Entorhinal cortex and hippocampus are closely interconnected regions, known to be involved in spatial learning and memory (Aggleton, Vann, Oswald, & Good, 2000). Their reciprocal connections, in which the EC provides cortical input to the hippocampus and from hippocampus to neocortical areas, suggest a close functional link. Indeed, it is generally believed that the EC is critical for normal hippocampal function and it is involved in the translation of hippocampal-dependent memory to long-term memory localized to the neocortex (Eichenbaum, Otto, & Cohen, 1994). Along with this, evidence indicates that lesions in the hippocampus result in robust and reliable spatial reference memory deficits as assessed in the eight-arm radial maze (Jarrard, 1993) and in the Morris water maze (Morris, Garrud, Rawlins, & Okeefe, 1982), and that lesions of EC produces similar outcomes in the same tasks (Nagahara, Otto, & Gallagher, 1995; Schenk & Morris, 1985). The relative contribution of EC to learning and memory is debated, however, with some studies showing that spatial learning can proceed normally without the EC, suggesting that this area is not required for normal hippocampal function (Bannerman, Yee, Lemaire, Wilbrecht, Jarrard, Iversen, Rawlins, & Good, 2001; Burwell, Saddoris, Bucci, & Wiig, 2004; Galani, Weiss, Cassel, & Kelche, 1998; Pouzet, Welzl, Gubler, Broersen, Veenman, Feldon, Rawlins, & Yee, 1999).
Through their spontaneous exploratory behavior, rats are thought to gather information about the surrounding environment (Renner & Seltzer, 1991). Thus, exploratory behavior has been used to assess the ability of rats to integrate spatial features and to build up a spatial representation of a new environment (Save, Poucet, Foreman, & Buhot, 1992). The object exploration task (OET), which models a spontaneous encoding of the geometric arrangement of distinct objects, has been demonstrated to provide a sensitive measurement of deficits in spatial memory induced by hippocampal and cortical damage since both hippocampal (Save et al., 1992) and entorhinal cortex lesions (Parron & Save, 2004) disrupted detection of the spatial change of a previously acquired configuration. In addition, it was suggested that hippocampal-entorhinal connections were more important for identification of a novel geometric arrangement of objects than for place navigation (Parron, Poucet, & Save, 2006).

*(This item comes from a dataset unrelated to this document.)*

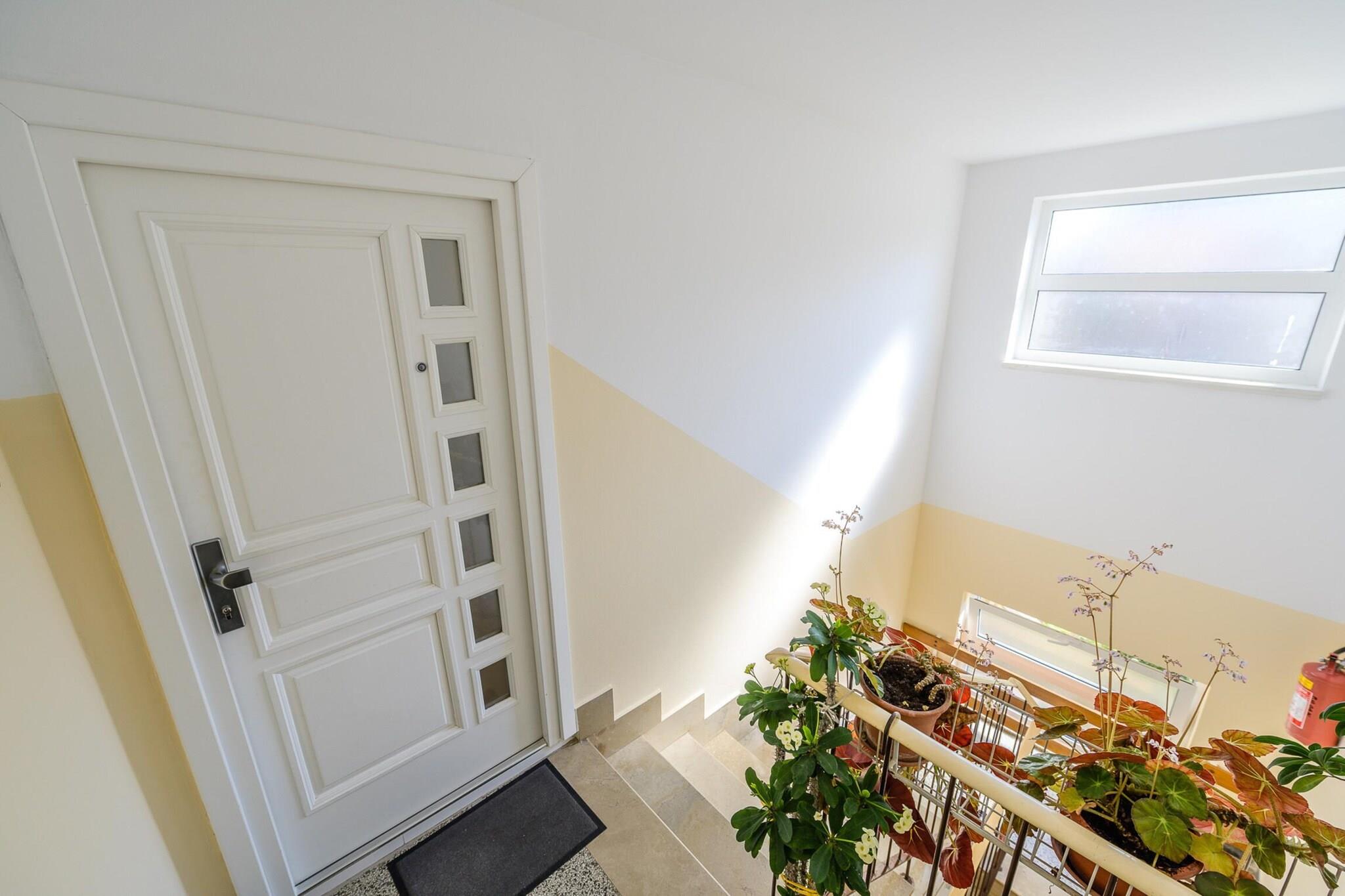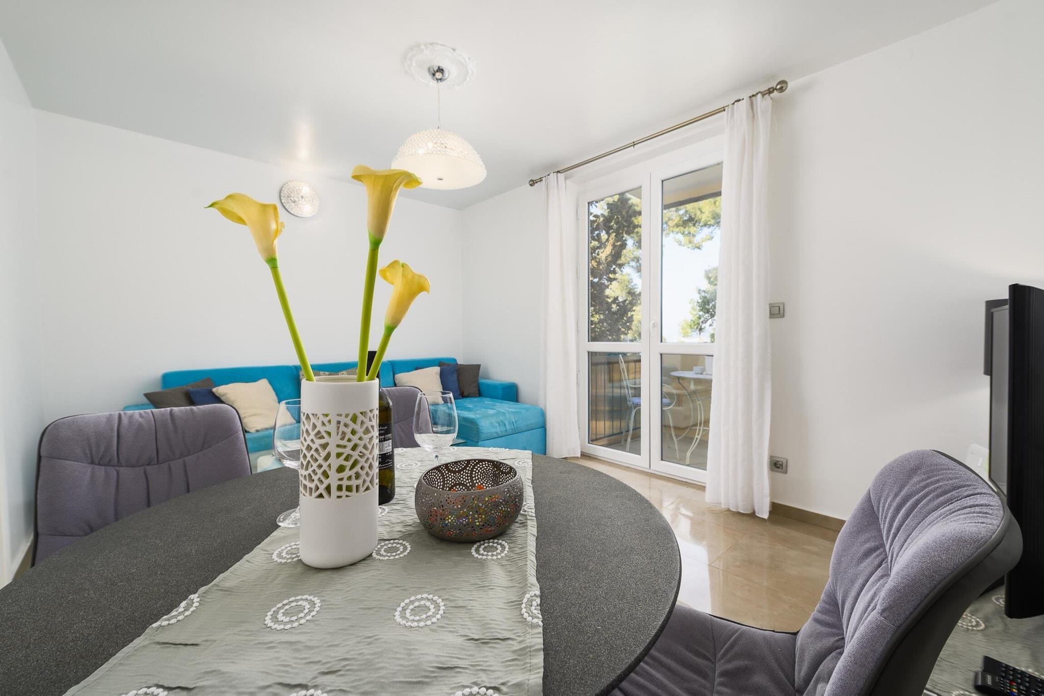 Denne ejendom, med sine moderne og komfortable møbler, tilbyder et behageligt ophold for op til fire gæster i en 60 m² stor lejlighed. Lejligheden ligger lige ved stranden med udsigt over vandet og har to soveværelser, hvilket gør den ideel til en familie eller en lille gruppe. Indkvarteringen er fuldt udstyret med faciliteter såsom Wi-Fi, aircondition og en varmepumpe, hvilket sikrer komfort under dit ophold. En balkon er det perfekte sted at nyde den friske havluft. Yderligere bekvemmeligheder inkluderer tre tv'er med satellitkanaler på flere sprog (engelsk, tysk og russisk), samt udendørs parkering i den tilstødende bygning. Beliggende i en familievenlig zone og kun få skridt fra havet, har ejendommen en fremragende beliggenhed i Porec. Gæsterne kan nemt få adgang til lokale attraktioner, med det nærmeste supermarked, Konzum, kun 50 meter væk. Den piske klippestrand ligger kun 350 meter fra lejligheden, perfekt til en dag ved havet. Porecs pulserende bymidte ligger kun en kort gåtur derfra, mens en busstation ligger 600 meter fra ejendommen for nem adgang til yderligere destinationer. Til familiesjov ligger Aquacolors vandland 5 km væk. Den nærmeste lufthavn og togstation i Pula ligger begge cirka 70 km fra ejendommen. Lejligheden har et fuldt udstyret åbent køkken med moderne apparater såsom en glaskeramisk kogeplade, køleskab, ovn, fryser og opvaskemaskine. Alt nødvendigt køkkenudstyr, herunder tallerkener, bestik og redskaber, leveres sammen med en kaffemaskine, brødrister og kedel for ekstra bekvemmelighed.

Here we report on whether alcohol-induced neurodegeneration is accompanied by long-term spatial and non spatial memory impairment. First, we replicated prior findings that a single cycle of binge-like alcohol exposure leads to neurotoxicity within circuitry that subserves spatial memory. Then, we used the object exploration task as a paradigm to investigate the time course of reactions to spatial change (object configuration) and non-spatial change (object recognition).
MATERIAL AND METHODS
Animals
Forty-five male Wistar rats (Charles River, Wilmington, MA), weighing 300–350 g at the beginning of the experiments, were pair-housed with water and food available ad libitum. The animals were maintained in a temperature and humidity-controlled vivarium on a reverse 12-hour light/dark cycle (lights off at 8:00AM). All animal care was performed according to NIH guidelines. Before the onset of the experiments, the animals were handled daily for three days and arbitrarily assigned to three groups: one (N=8, 4 ethanol exposed and 4 non-ethanol exposed) was exposed to the binge alcohol procedure and used for histochemical analysis of fluoro-jade B; a second group (N=19, 10 ethanol exposed, 9 non-ethanol exposed) underwent behavioral assessment at 1 week following binge alcohol treatment; a third group (N=18, 9 ethanol exposed, 9 non-ethanol exposed) underwent behavioral assessment 10 weeks following the binge alcohol treatment. Thus, each animal experienced the OET just once in order to avoid the possible confound of other time-dependent processes.
Binge alcohol treatment
Wistar rats were subjected to a gavage procedure which induced alcohol dependence, as previously described by Majchrowicz (Majchrowicz, 1975). The gavage solution consisted of 14.7% Nestle Infant Formula powder (w/v) and 6% sucrose (w/v) in water, mixed either with alcohol to an alcohol concentration of 20% (v/v), or tap water (Cippitelli et al., 2010). Alcohol-treated animals (EtOH) were given a priming dose of 5 g/kg. Additional alcohol was administered every 8 h for 4 consecutive days based on the animals' estimated blood alcohol level, as determined using a six-point intoxication scale (Majchrowicz, 1975). This treatment model titrates the dose according to the animal's estimated blood alcohol level, thereby maintaining intoxicating levels of blood alcohol while minimizing mortality (Obernier et al., 2002). Each animal received between 9–15 g/kg alcohol per day throughout the study. Control animals received equal volumes of the sucrose-Nestle powder water solution instead of the alcohol solution.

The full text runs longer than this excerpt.